• _EXERCISE OBJECTIVE_
Please give back, exactly as written, the lines from the line with "OMEGA UPPER DECK MASTER SUITE" to the line with "Basket Of Gold Alyssum in bloom" in the listing below, leaving out all pictures.

• _MATERIAL FOR THE TASK_
------------------------

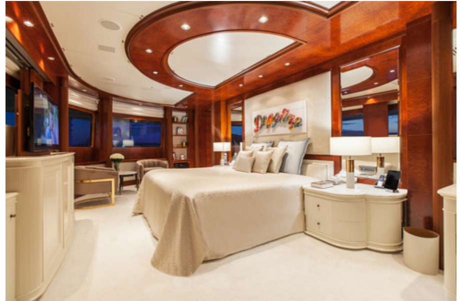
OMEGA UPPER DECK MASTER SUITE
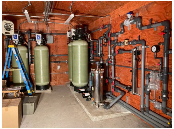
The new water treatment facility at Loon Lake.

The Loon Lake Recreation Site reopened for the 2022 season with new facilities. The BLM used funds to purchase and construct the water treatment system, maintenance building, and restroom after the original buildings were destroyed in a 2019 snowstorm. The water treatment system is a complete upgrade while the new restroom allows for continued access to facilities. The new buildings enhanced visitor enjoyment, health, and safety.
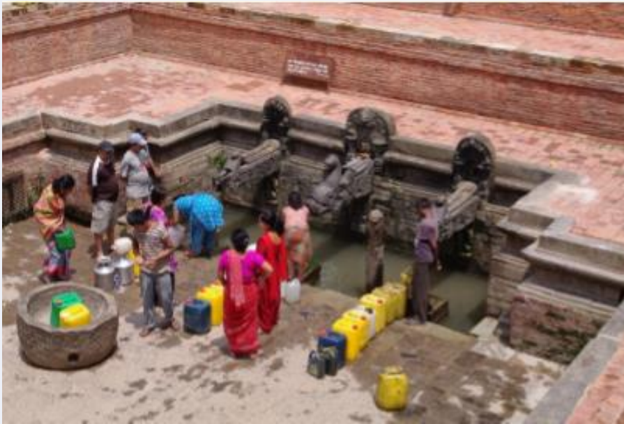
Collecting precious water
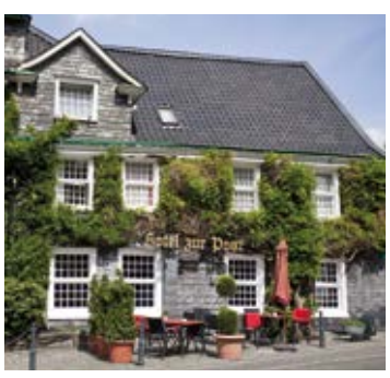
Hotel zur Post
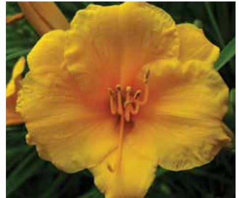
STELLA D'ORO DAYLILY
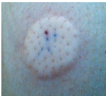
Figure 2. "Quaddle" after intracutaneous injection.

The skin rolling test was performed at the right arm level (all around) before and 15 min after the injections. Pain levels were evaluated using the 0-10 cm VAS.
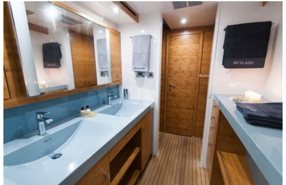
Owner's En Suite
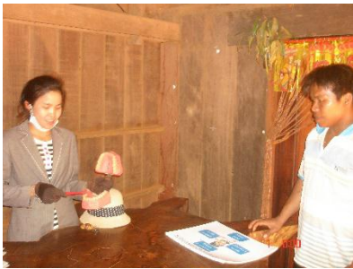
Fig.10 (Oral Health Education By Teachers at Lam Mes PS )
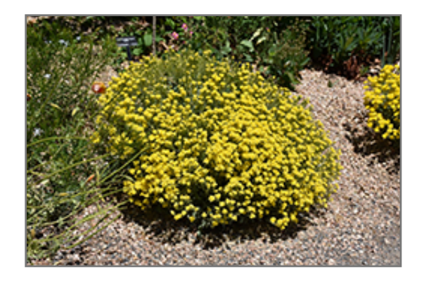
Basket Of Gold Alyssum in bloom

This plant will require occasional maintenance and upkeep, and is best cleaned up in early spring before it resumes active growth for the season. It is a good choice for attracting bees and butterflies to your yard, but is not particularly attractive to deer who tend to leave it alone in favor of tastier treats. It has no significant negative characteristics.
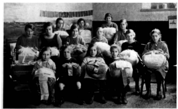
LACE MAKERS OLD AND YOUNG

------------------------

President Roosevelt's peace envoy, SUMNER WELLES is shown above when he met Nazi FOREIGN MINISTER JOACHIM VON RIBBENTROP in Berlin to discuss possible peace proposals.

------------------------

• _SOLUTION FOR THIS TASK_
OMEGA UPPER DECK MASTER SUITE
The new water treatment facility at Loon Lake.

The Loon Lake Recreation Site reopened for the 2022 season with new facilities. The BLM used funds to purchase and construct the water treatment system, maintenance building, and restroom after the original buildings were destroyed in a 2019 snowstorm. The water treatment system is a complete upgrade while the new restroom allows for continued access to facilities. The new buildings enhanced visitor enjoyment, health, and safety.
Collecting precious water
Hotel zur Post
STELLA D'ORO DAYLILY
Figure 2. "Quaddle" after intracutaneous injection.

The skin rolling test was performed at the right arm level (all around) before and 15 min after the injections. Pain levels were evaluated using the 0-10 cm VAS.
Owner's En Suite
Fig.10 (Oral Health Education By Teachers at Lam Mes PS )
Basket Of Gold Alyssum in bloom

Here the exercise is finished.